A 2016 report by RSA found that 27% of all electronic crime were suspected or known to be caused by insiders. Furthermore, 30% of the damage done by insiders were worse than damage done by outsiders. Our goal was to use behavioral biometrics to determine if an unauthorized user is accessing a computer.
What it does
Koios is tool which collects mouse movement and keyboard clicks. Information such as velocity, acceleration, curvature, and even the time you hold a mouse button down is collected.
How we built it
The Koios IO monitor program is built using C. The graphical user interface is made with JavaFX, and the processing is handled through Python, Pandas, and Numpy.
Challenges we ran into
Initially we tried to implement the IO monitor using Python, but this was too slow. We opted with C (using X11) and used a special software tool to attach the monitor to a CPU.

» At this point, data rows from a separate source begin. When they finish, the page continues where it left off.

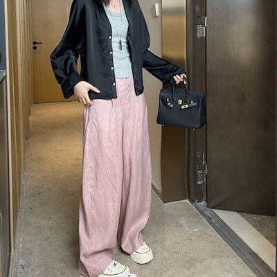 亜麻 ワイドパンツ レディース 薄い 夏 カジュアル ハイウェスト ゆったり 着痩せ ストレートパンツ モップパンツ ジョガーパンツ
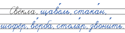 Зме|я, те|традь, пе|тух, чай|ник, шиш|ка, мо|роз, я|го|да, у|чи|тель, о|сень, я|бло|ко, ве|тер, за|яц, за|вод, по|су|да, про|щай, жизнь.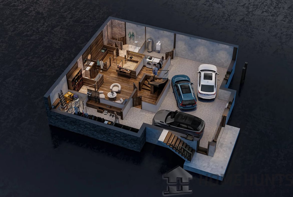 -In the Basement: a garage of 83 m2 (3 vehicles), a ski room, a cellar, a wine cellar, an airlock, a living room, a sauna, a hammam, a shower, a laundry room, a technical-room, a toilet ;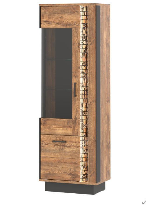 Moderní prosklená vitrína v provedení dub april/černý. Korpus má vyrobený z lamina o síle 16 mm a MDF o síle 16 mm, ohraněný ABS 0,5 mm / 1,5 mm. Dvířka jsou vyrobeny z MDF o síle 18 mm a jsou potaženy PVC folií. Vrchní desky korpusu jsou vyrobeny z lamina o síle 22 mm. Vnitřní poličky jsou vyrobeny z lamina o síle 16 mm a ABS 0,5 mm. Nohy a úchytky jsou kovové. Zásuvky s kuličkovými pojezdy( GTV) jsou plným výsuvem. Systém tichého dovírání dvířek ve standardu, panty ⌀ 35 mm jsou nastavitelné ve třech osách. Ozdobné rylování je osvětleno LED osvětlením. Zboží je dodáváno v demontu.

Getting enough user data in a 24 hour time period is hard and studies have shown that in order to reduce the false acceptance rate and false rejection rate to ~2% we would have needed around 12 hours of data from each participant.
Accomplishments that we're proud of
Initial tests show that even though we do not have near enough data, a model is able to somewhat learn. The biggest hurdle was turning the raw data (x,y, timestamp etc) into usable data for our model.
What we learned
Keras, Pandas, JavaFX, Numpy
What's next for Koios
First we need to gather enough data to confidently use the model.
In addition, we would have liked to allow easy deployment and the ability to securely email a system admin when an anomaly is detected.
We would like to combine this technology with One-Shot-Learning, which is commonly used in facial recognition.